Harry thought a moment. “Right. Ever notice if you haven’t lived through an event yourself, you might pay attention but it doesn’t emotionally affect you too much? The people who remember it will be remembering where they were at the time. I’m glad we were born later.”
“Richard Neville was born today in 1428.” Susan held the hand rest as Harry turned right. “Speaking of dates, I’ve always been fascinated by the War of the Roses, and Neville was a brilliant man. I love Philippa Gregory’s books.”
“I think the world does.” Harry slowed on the country road although it was paved. “Some people have the knack of making history come to life. Academics are snotty about historical fiction. I think it’s a great way to learn.”
“You went to Smith. You aren’t an academic but you certainly received the best education.” Susan said this admiringly.
“Did. I’m hoping over time I will get to know Marvella Larson better. She knows more than any of us and I really love the Virginia Museum of Fine Arts.” She pointed to her right. “Don’t you wish Cloverfields still stood? That was the site of the main house.”
“I do. We’re luckier than many other states.

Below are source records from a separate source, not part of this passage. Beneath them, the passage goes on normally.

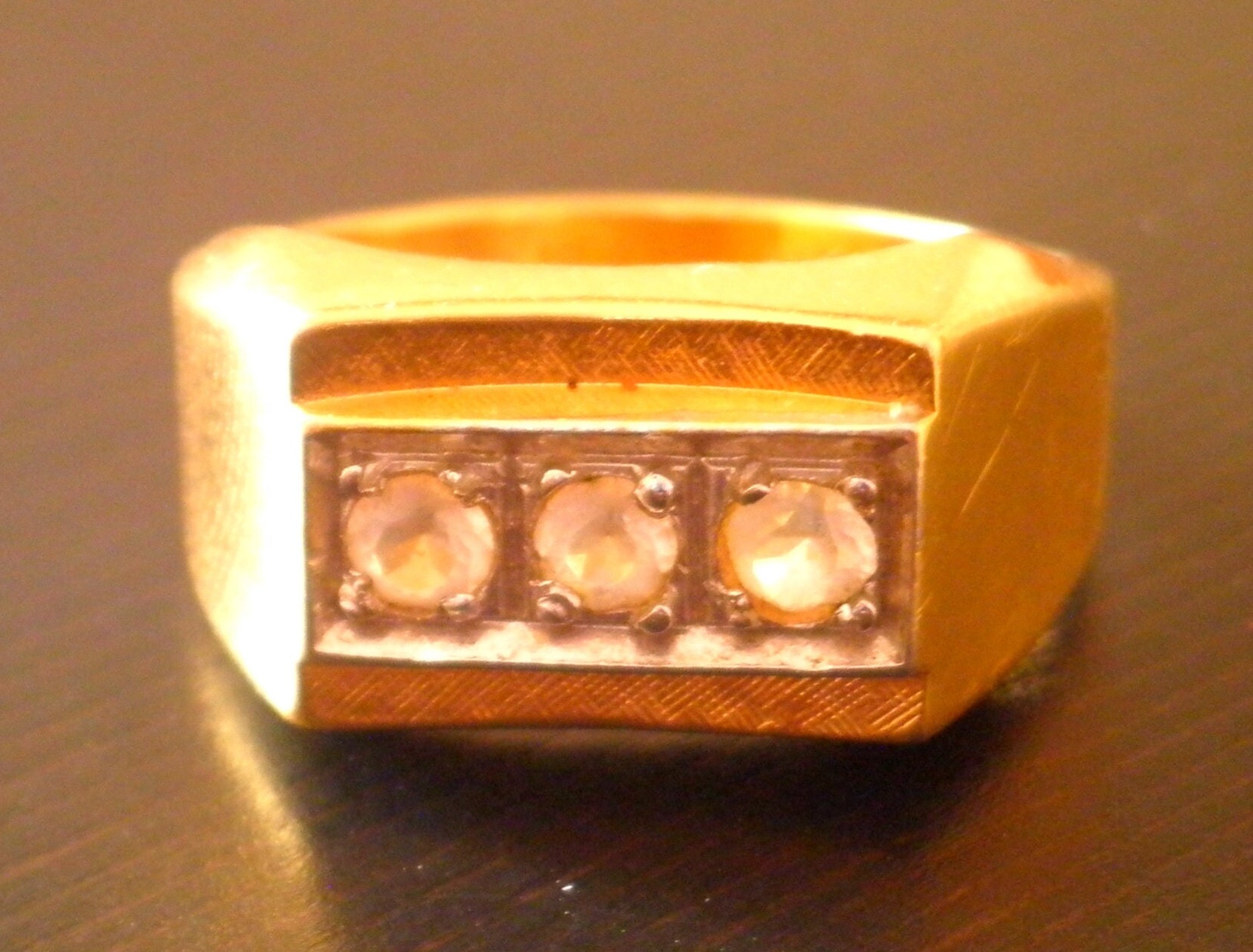 Antique 18kt HGE Signed UNCAS Karatclad Mens Ring Size 7.5 w Simulated Diamond Very well made.
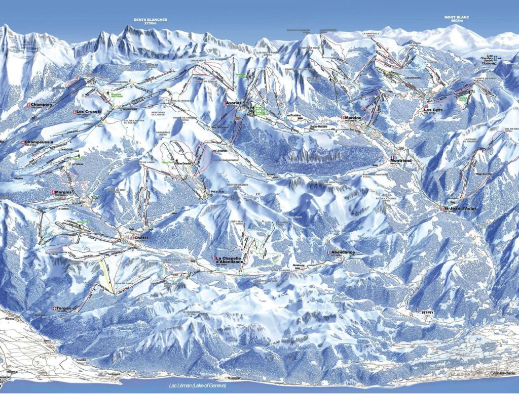 All Portes Du Soleil’s skiing is on one pass, an RFID card, so you can ski with ease from Switzerland to France, and back, no passport required. Its popular to tour the circuit, most do the PDS (Portes Du Soleil) tour clockwise, in a day, but we love skiing in a less structured tour and enjoying some of the best terrain and trails (see our Guide to the Best Ski Trails in Portes Du Soleil) not on the heavily skied circuit.
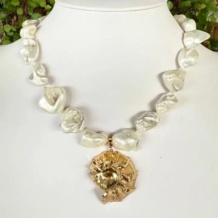 Gold embellished shell pendant on hand knotted fresh water pearls  -18"

Virginia has preserved so much of her heritage,” Susan agreed.
“Because we were too poor to tear buildings down at the end of the nineteenth century and for most of the twentieth when everyone put up big glass blocks. Most of that stuff is ugly as a mud fence.”
They both laughed.
“Speaking of Cloverfields, do you have your chit underneath your sweater?”
“Do.” Harry pulled up the brass piece on the box chain. “I wonder who wore this. I wonder about their life and who wore Number Five and Liz’s Number Seven? It makes it real. I like to touch things from the past.”
“That’s what got MaryJo and Panto into all that tribal stuff. How long have people been wearing those skins, dancing, singing? Plus MaryJo sent away for the DNA testing, which she declares proves she has twenty-seven percent tribal blood. At least she’s shut up about it finally. Remember when she’d constantly bring it up?”
“Yeah.” Harry stopped at the crest of the hill at the back of Cloverfields. They looked toward the ravines where the bridges had been built, although you couldn’t see down into the ravines. They were too far away.
“Sometimes, late afternoon, I like to sit with Grandmother and Mother at Big Rawly, look over the fields. Think of footsteps down the hall over the centuries.”
“That place is so beautiful and isn’t it odd that Big Rawly survived but Cloverfields didn’t? The Garths were supposed to be so highly intelligent but Fate doesn’t always play favorites.”
“Apparently not.” Susan stared at the sky, long afternoon rays softening everything as Harry turned, drove over a cut hayfield stopping near the site of the old main house.
As they sat there, a brand-new truck barreled up from the slope to the ravine. Both women watched this $60,000 Ford F-250 diesel rumble by, hesitate as the driver beheld the Volvo near the house site, then move faster, speeding away.
“Isn’t that Panto?” Susan inquired.
“Sure is. He must be making the bucks to buy that new big-ass truck.”
They sat silently for a time.
“I’m going to follow him.” Harry put down her window. “Hear that?”
“Loud.”
“Sounds like he has a glass pack under there but Panto isn’t exactly the hot rod type. That’s the true sound of that beast of an engine.”
“So what?”
“When I stood at the top of the ridge, shooting at whoever shot at me, I heard a truck start up. That’s how loud the exhaust note was.”
“Harry, this can’t be the only truck in the county that sounds like that,” Susan chided her.
“No and yes.” She turned to Susan. “Something’s wrong. Where did Panto get that kind of money? He’s a lawyer who represents tribes. He’s not representing Altria or Anthem. You get the idea. Something is wrong. Plus he knows me. I think whoever shot at me knows me. I’m going to follow him.”
“Harry, you’re nuts, number one. Number two, this Volvo station wagon isn’t exactly inconspicuous.”